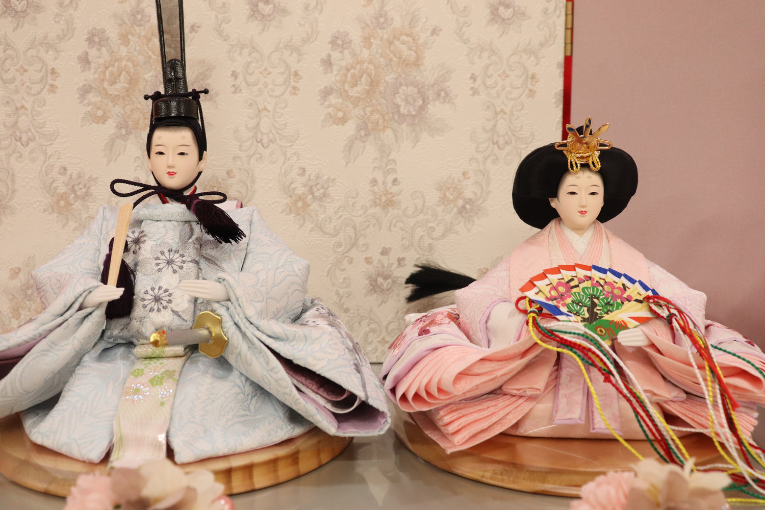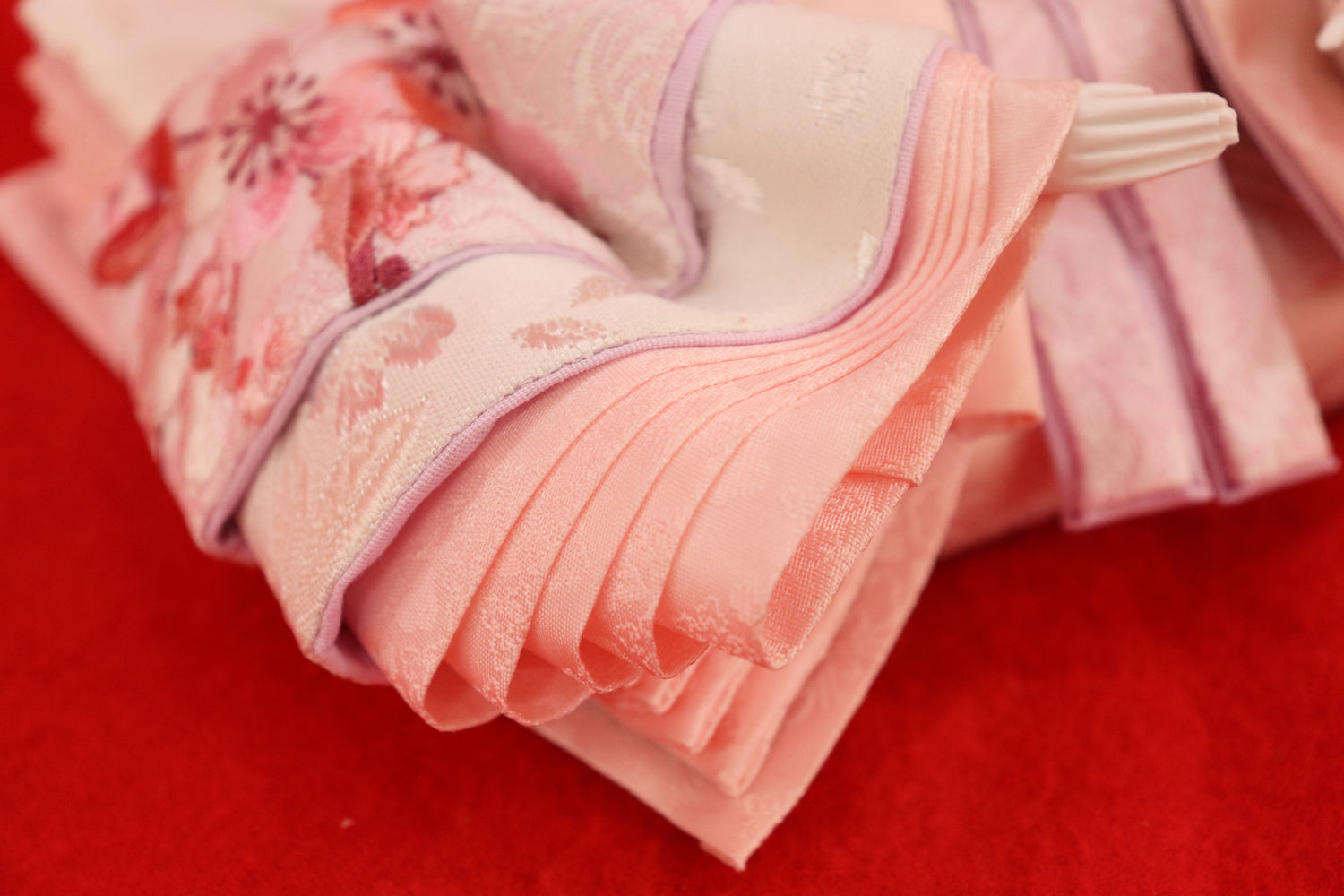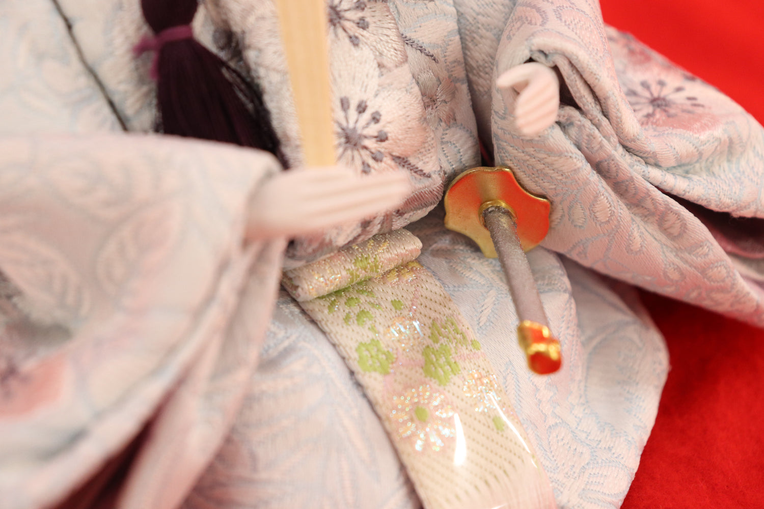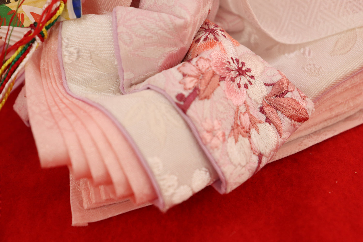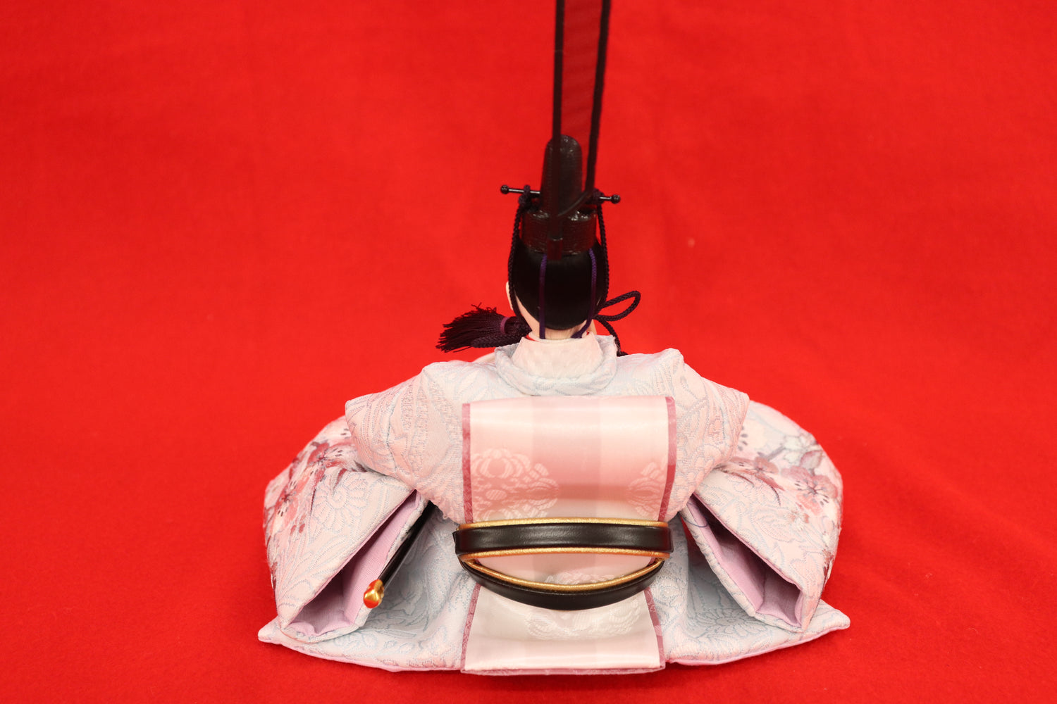 薄いピンク色の飾り箱、淡い衣装の親王様のセットです。
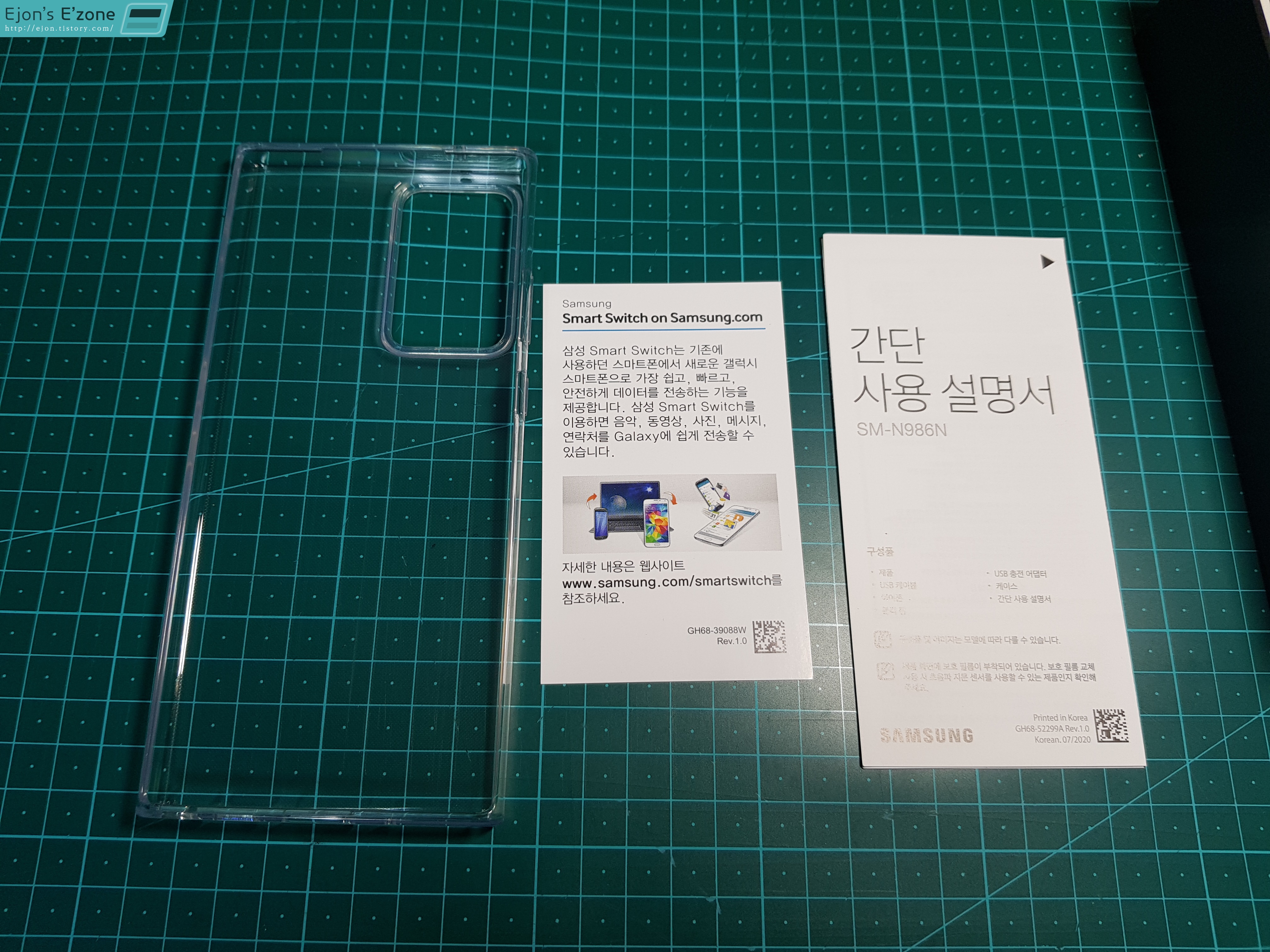 박스에 숨어있는 뚜껑에는 유심(USIM)칩과 마이크로 SD카드를 끼울 수 있도록 해 주는 이젝터(유심핀)와 함께, 박스 안에는 투명 젤리케이스와 간단 사용설명서, 그리고 삼성 스마트 스위치를 소개하는 종이가 있습니다. 그중에서도 가장 중요한건 케이스겠죠. 사전예약이라 딱히 케이스 구할 데가 없어서, 이런 케이스는 소중합니다.
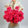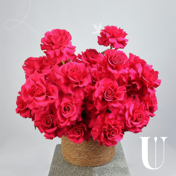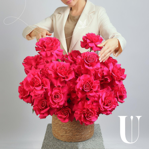 Вывернутые розы сорта Нина в плетеном кашпо
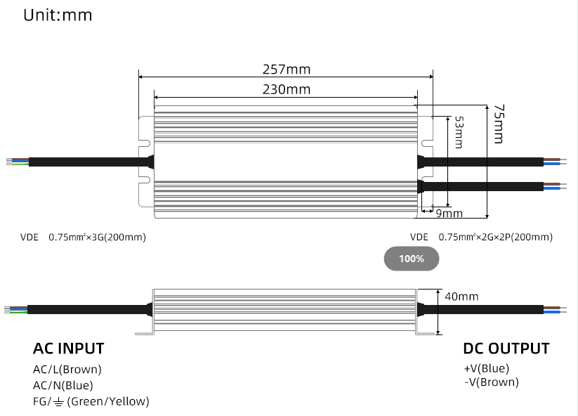 | 300W | 230*75*40 | 90V-130V/170-250V | IP67 | 12V 300W | 12V | 25A | 10 |
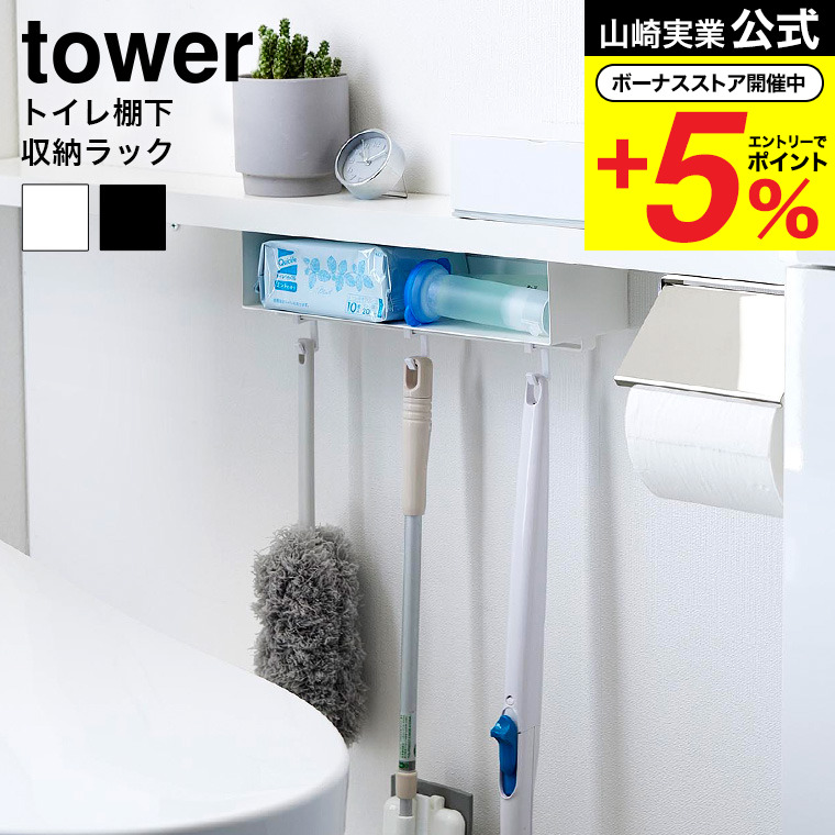 山崎実業 tower トイレ棚下収納ラック タワー 公式 収納 送料無料 3758 3759 ホワイト ブラック / トイレ収納 フック トイレ用品
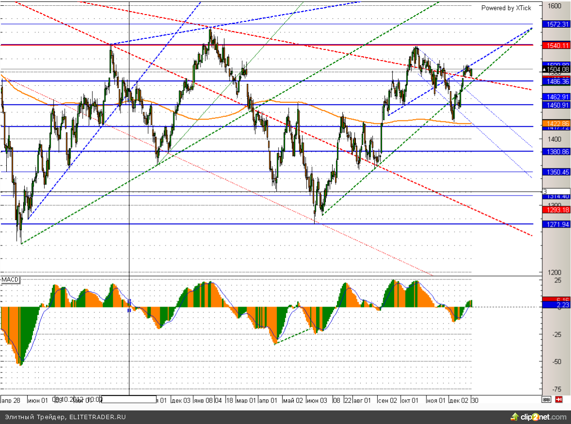 Российский рынок сегодня незначительно вырос. При этом ММВБ закончил предпраздничную торговую сессию выше 1500, где проходит среднесрочная трендовая линия. Данный момент дает надежды на продолжение роста в ближайшем будущем.

* _What is required_:
The lines from the one holding "12V | 25A | 10 |" through the end of the entries are to be transcribed exactly, both ends included, with the pictures left out.

* _Response to this exercise_:
 | 300W | 230*75*40 | 90V-130V/170-250V | IP67 | 12V 300W | 12V | 25A | 10 |
 山崎実業 tower トイレ棚下収納ラック タワー 公式 収納 送料無料 3758 3759 ホワイト ブラック / トイレ収納 フック トイレ用品
 Российский рынок сегодня незначительно вырос. При этом ММВБ закончил предпраздничную торговую сессию выше 1500, где проходит среднесрочная трендовая линия. Данный момент дает надежды на продолжение роста в ближайшем будущем.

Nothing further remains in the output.